Over the Myrtoan Sea, flyby Eurasian Shag and Yellow-legged Gulls.


October 15

Wood Lark and Sardinian Warbler heard at dawn. Never caught up with the former, but did manage to spot one of the latter at the top of the cliffs in the ‘old town’ section of Monemvasia towards dusk. Always fun to meet a new Sylvia warbler! Got good looks at the striking red eye through the bins, but the bird proved tricky to nail down with my knackered bridge camera.

Also up top were a dozen Eurasian Crag-Martin, a few Common Raven, and a Common Buzzard hovering over the cliffs, fully backlit (I thought it was something more exotic at first - felt bulky in the field with long 'fingers' - I was thinking Short-toed Snake Eagle. Some folks on an ID group were thinking Long-Legged Buzzard, Bonelli's Eagle, or Booted Eagle, but the majority went for Common Buzzard...).

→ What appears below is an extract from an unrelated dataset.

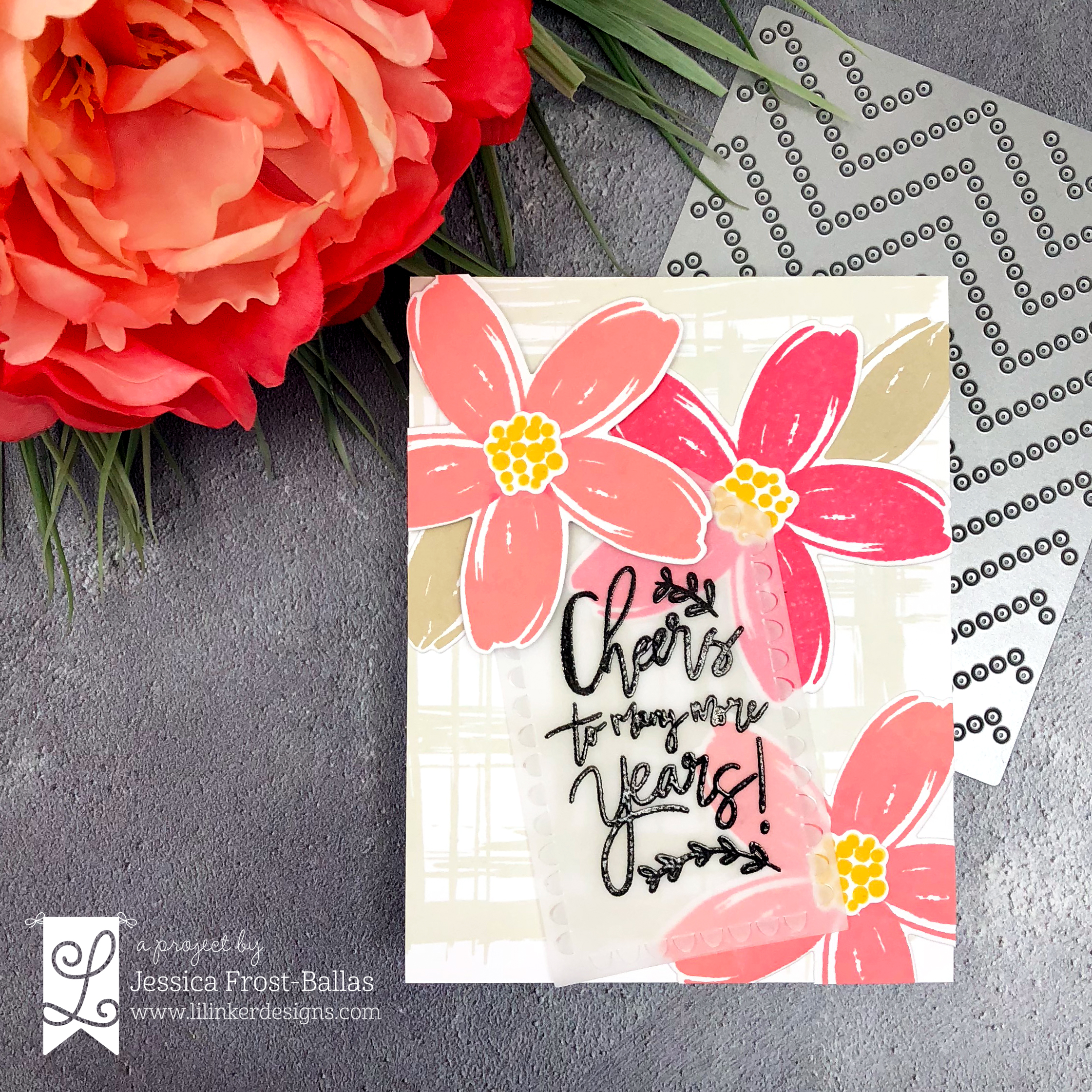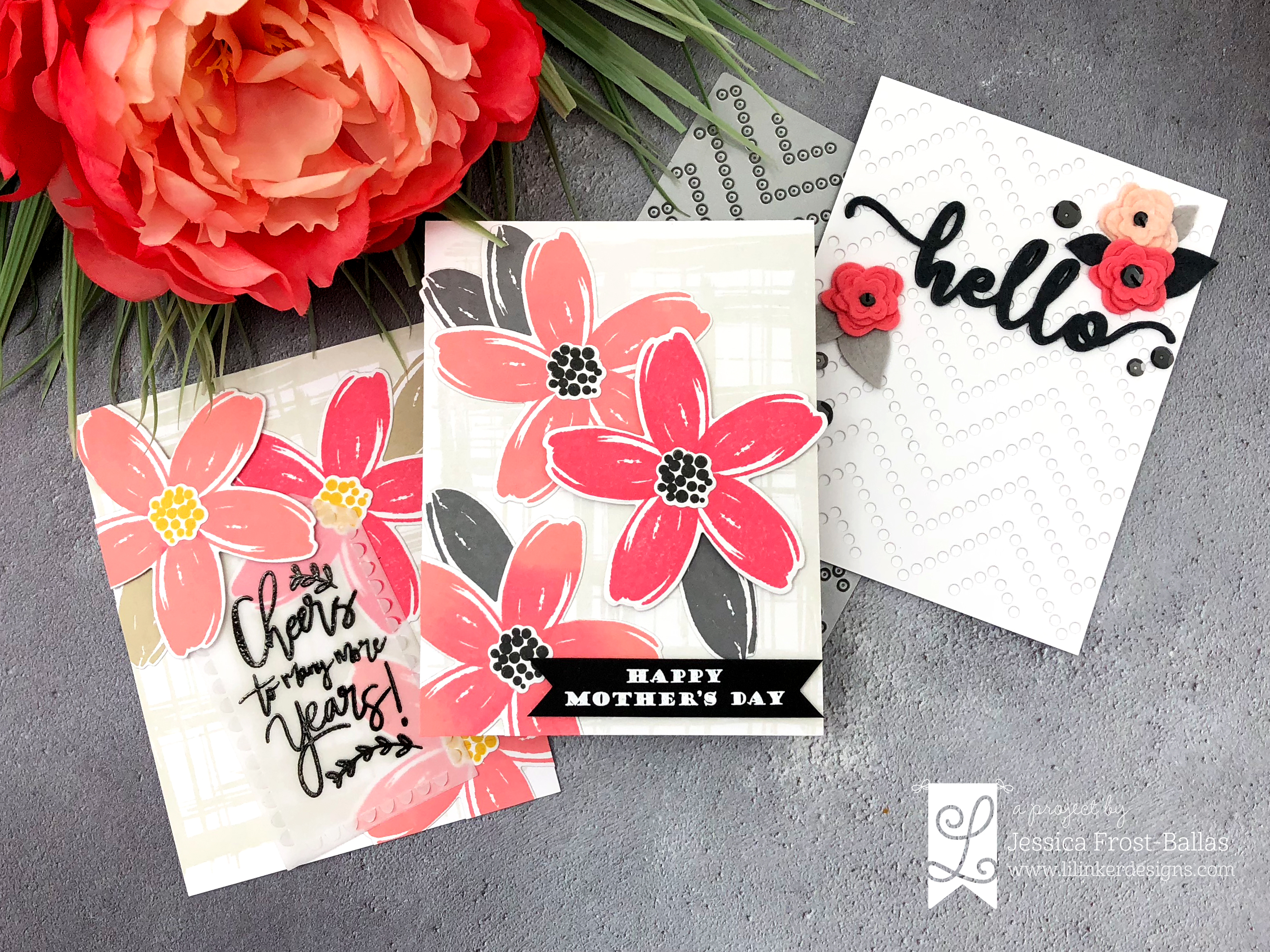 Jessica, I love your cards! The background, the flowers, the layout, the felt hello…..all perfectly creative! Thank you!

Had quick views of a falcon zipping over the seaside cliffs near the upper old town. What struck me in the field was the pointy, elongated feel of the overall silhouette – the wings were long and slim (compared to a Peregrine), as was the tail. I’m thinking this was most likely an Eleonora’s Falcon, and I’m gutted not to have gotten better looks.

Brief looks at a Sparrowhawk over the same cliffs (Eurasian? Levant?).